In the words of the great Kenny Rodgers, you got to know when to fold ‘em. Guys, I’m folding ‘em. I can’t do it. I have tried for a week but cannot bring myself to eat the green peppers. Every time I think about eating the green pepper, I have to talk myself out of ordering pizza instead.
The peppers have sat there on the third shelf of the fridge, tucked away in the back, almost out of sight for six days now. Each day, I have looked at them. Each day, they have look back, a gleam on their green skins, as though they know that I will succumb to the pressure. Today, I finally had the courage to admit defeat. The peppers have won. I cannot eat them.

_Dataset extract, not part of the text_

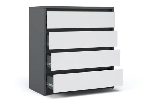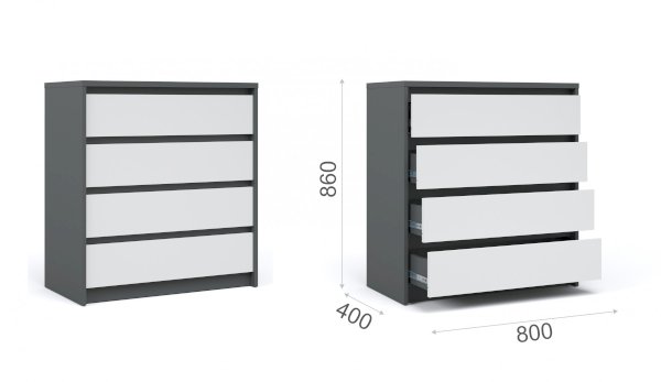 Современный функциональный комод «Мишель» с четырьмя выдвижными ящиками обеспечит удобное хранение одежды, предметов декора, книг, посуды. Современные цвета декора корпуса и белоснежный фасад добавят в жилое помещение света, уюта и комфорта. Отсутствие лицевой фурнитуры в ящиках подчеркивает минимализм дизайна. Благодаря простоте форм и классической расцветке подходит для многих интерьеров.

Perhaps, as Kenny says, knowing when to walk away and knowing when to run is part of the CSA experiment. I will not like all the vegetables and fruits in my CSA bag. Sometimes, I will have to leave produce on the CSA table. Leaving them there, however, means that someone less fortunate than me can enjoy them. Leftovers are donated to local soup kitchens or homeless shelters. I’d much rather do that than throw away perfectly good food.
I’m bummed about the peppers not only because I couldn’t conquer a fear/dislike but also because I wasted food. But, I’ve decided to chalk it up to a teachable moment. In the future, when a pepper or other known enemy crosses my path at the CSA, I’ll leave it there for someone who can enjoy it.